А потом курорт начал утрачивать свою прелесть — слишком медленно, чтобы совсем исчезнуть, но достаточно быстро, чтобы зачахнуть. Его сотворила мода, и она же развенчала его. Элегантные приезжие устремились в Бат или Челтенхэм, а Бристолю осталось только вывозить из города минеральные воды в бутылках.
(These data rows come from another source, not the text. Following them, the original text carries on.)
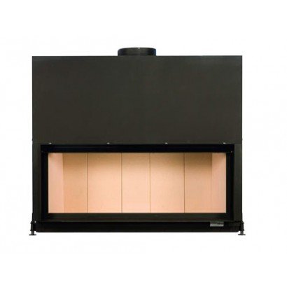 Каминная топка с прямым стеклом. Топочная камера футерована шамотом. Подъёмный механизм двери (система Easy-Lift). Ширина дверки 1350 мм. Высота дверки 538 мм. Возможно подключение воздуха извне.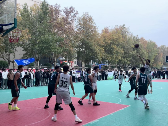 赛场上,队员们配合娴熟、全力以赴、个个火力全开、一往无前。干净敏捷的运球转身、精准无误的三分投篮,不知疲倦的奔跑、跳跃、防守、进攻,一个个精彩回合引来观众阵阵喝彩。场边的啦啦队摇旗呐喊,为场上队员加油鼓劲,热烈而澎湃。一场场紧张激烈、扣人心弦的比赛,不断在球场内上演。一滴滴青春激情的汗水,挥洒在拼搏的舞台。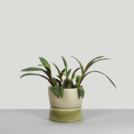 The Two Tone Planter is spacious without appearing large and therefore does not take up much space, which makes it suitable for placement on windowsills and shelves. The shape of the saucer makes the flowerpot stable and suitable for both small and larger plants, which can quietly absorb water through the pot’s drainage hole.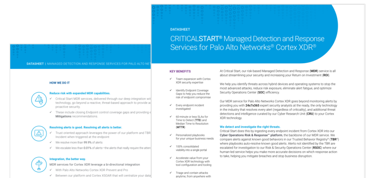 Reduce risk exposure with robust endpoint security protection and advanced cyber threat prevention by pairing Palo Alto Networks Cortex Extended Detection and Response (XDR) Service with Critical Start’s Managed Detection and Response (MDR).
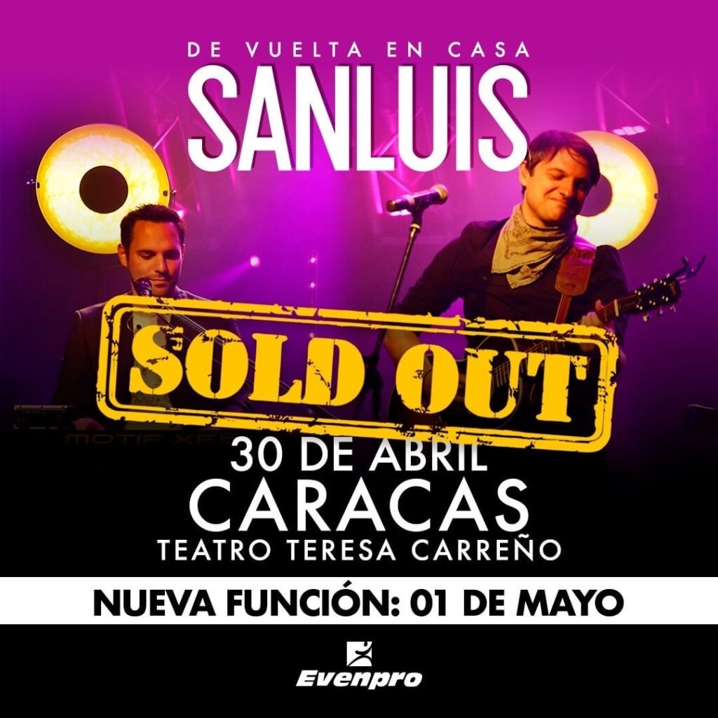 SanLuis celebra el Sold Out de su primer concierto en Caracas. Santiago y Luigi agotan la taquilla de su primera función en la Sala Ríos Reyna del Teatro Teresa Carreño y anuncian una segunda al día siguiente.
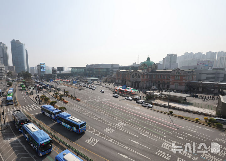 【NEWSIS】ソウル地域のPM10およびPM2.5濃度が「悪い」の水準を示した26日午後、ソウル市中区のソウル路7017から望むソウルNタワーは、白くかすんで見えた。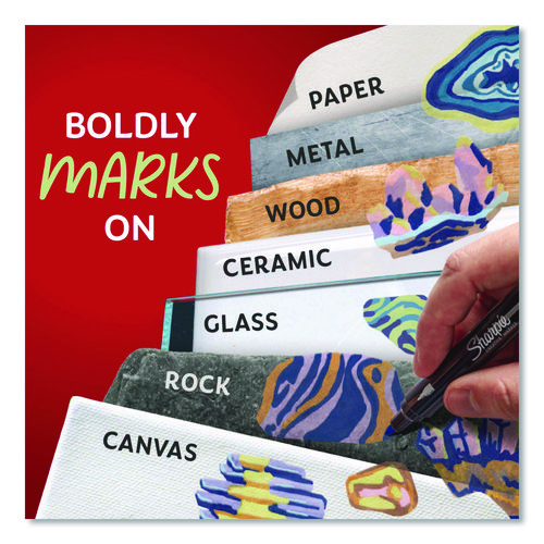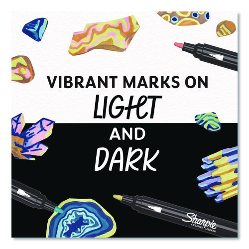 Bring your artistic vision to life with Sharpie Creative Markers! These acrylic markers feature stunning paint-like ink that glides across the page with the control of a marker. The water-based ink won’t bleed through paper, so your work stays clean. The bright color markers create vibrant marks on light and dark surfaces and boldly mark on paper, metal, wood, ceramic, glass, rock and canvas. The colors beautifully layer to add dimension to your work. What’s more, there’s no need to prime these brush tip markers-simply uncap and go!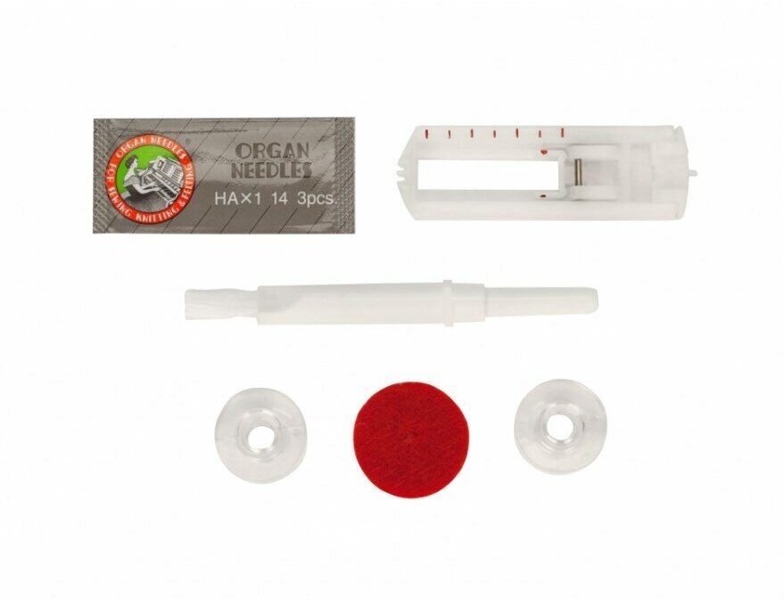 | Особенности | комплектация:шпульки, войлочная прокладка, рамка для петли, распарыватель, иглы |

Это вполне устраивало Ричарда и Уильяма Генри, ибо за все воскресенье им попалось не больше десятка гуляющих. Мэг снабдила их холодным обедом — жареной курицей, хлебом, маслом, сыром и ранними яблоками, присланными ее братом с бедминстерской фермы. Ричард уложил снедь в солдатский мешок, туда же отправил флягу легкого пива и закинул мешок за плечо. Отец и сын отыскали уединенное местечко за квадратной громадой Хотуэллс-Хауса, который возвышался на плоской каменной скале высоко над уровнем прилива, в конце ущелья, прорезанного водами Эйвона.

Уголок и вправду был живописным: скалы Сент-Винсент и утесы ущелья изобиловали красными, сливовыми, розовыми, коричневыми, серыми и беловатыми тонами, воды реки имели оттенок голубоватой стали, а кроны деревьев скрывали из виду даже трубы медеплавильного завода мистера Код-рингтона.

— Папа, ты умеешь плавать? — спросил Уильям Генри.

— Нет. Потому мы и сидим здесь, а не на берегу реки, — отозвался Ричард.

Уильям Генри окинул реку задумчивым взглядом; как раз начинался прилив, поток бурлил, быстро поднимаясь.

— Вода движется, будто живая.

— Можно сказать и так. Она голодна, никогда не забывай об этом. Вода способна утащить тебя и поглотить целиком, и больше ты никогда не увидишь солнца. Поэтому старайся не приближаться к ней, ясно?

— Да, папа.

Покончив с обедом, отец и сын растянулись на траве, подложив под головы свернутые сюртуки. Ричард прикрыл глаза.

— Симпсона больше нет, — вдруг произнес Уильям Генри.

Его отец приоткрыл один глаз.

— Неужели ты не можешь помолчать хотя бы минуту?

— Сейчас — нет. Симпсона больше нет.

Смысл его слов наконец-то дошел до Ричарда.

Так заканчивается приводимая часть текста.